Thanks ed. That's why the "butchering" was in quotation marks. Portioning would have been the more appropriate term but I couldn't think of it at the time. As to the PS - it's why the antibiotic free meat is more expensive - the loss from bacteria and sickness causes farmers to have less to sell and to have to be more careful with their processes in the first place. It also means I'm not eating a bunch of cow drugs. I freely admit that I haven't done a bunch of research on consumption of antibiotic and hormone treated cattle and its effect on the human body but I know that I try to limit my own antibiotic consumption. Probably something I should look into a little more. 


kuan said:


> I recommend a 10" Fibrox handle Scimitar. Forschner makes them but I'm sure you can find others too. It's a workhorse of a knife.

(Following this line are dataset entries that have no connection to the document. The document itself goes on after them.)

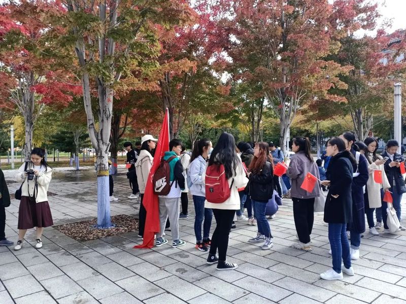 上午10时,所有参与同学在工学桥集合签到,领取小国旗并佩戴国旗标志。工作人员讲解活动规则后,夏书记一声令下,宣布活动开始。
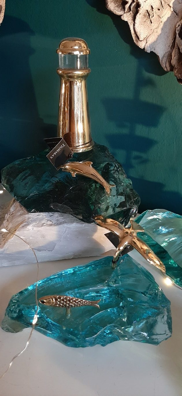 Brass lighthouse and dolphin, coated with special varnish to never lose its shine, on transparent green glass.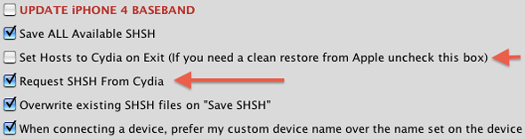 حل المشكلة: قم بتحميل أحدث نسخة من TinyUmbrella من موقعهم عبر هذا الرابط ، ثم قم بتوصيل جهازك وتشغيل التطبيق واذهب إلى “Advanced” وقم بإلغاء الموافقة على الاختياريين الخاصيين بتوجيه الهاتف للبحث عن SHSH في السيديا كما في الصورة التالية: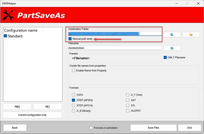 Den Änderungswunsch von swx-cad-nutzer wurde in diesem Release ebenfalls umgesetzt. Durch aktivieren der Checkbox die der Pfad editierbar und der Pfad aus dem WindowsExplorer kann eingefügt werden. Im Hintergrund sind zahlreiche Abfragen hinzu gekommen, um sicherzustellen das der eingefügte Pfad(Text) auch valide ist. Zum original Post: https://swxtools.de/release-swxhelper-update-1-0-3-7/
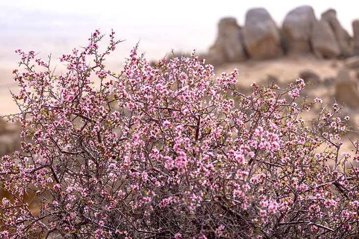 《蒙古扁桃花开正艳》近日,在乌拉特中旗风蚀冰臼地质公园,蒙古扁桃花开正艳,石林和花海共同构成了一幅美丽画卷。蒙古扁桃属于国家二级保护植物,极为珍贵。巴彦淖尔日报签约摄影师 包长明 吕维平/摄

I've seen a few references to those - I should take a look. 


BrianShaw said:


> I often buy roaasts at Costco and cut them down to chops. It is fun and allows for a little more lexibility. The meatman at Costco laughs at me because both he and I know that 9 times out of 10 my chops are the same as his pre-cut chops. But I like the option of using half the roast as chops and half as a roast.
> 
> In terms of additional equipment, consider a adding a meat saw to your kit for cutting the chine.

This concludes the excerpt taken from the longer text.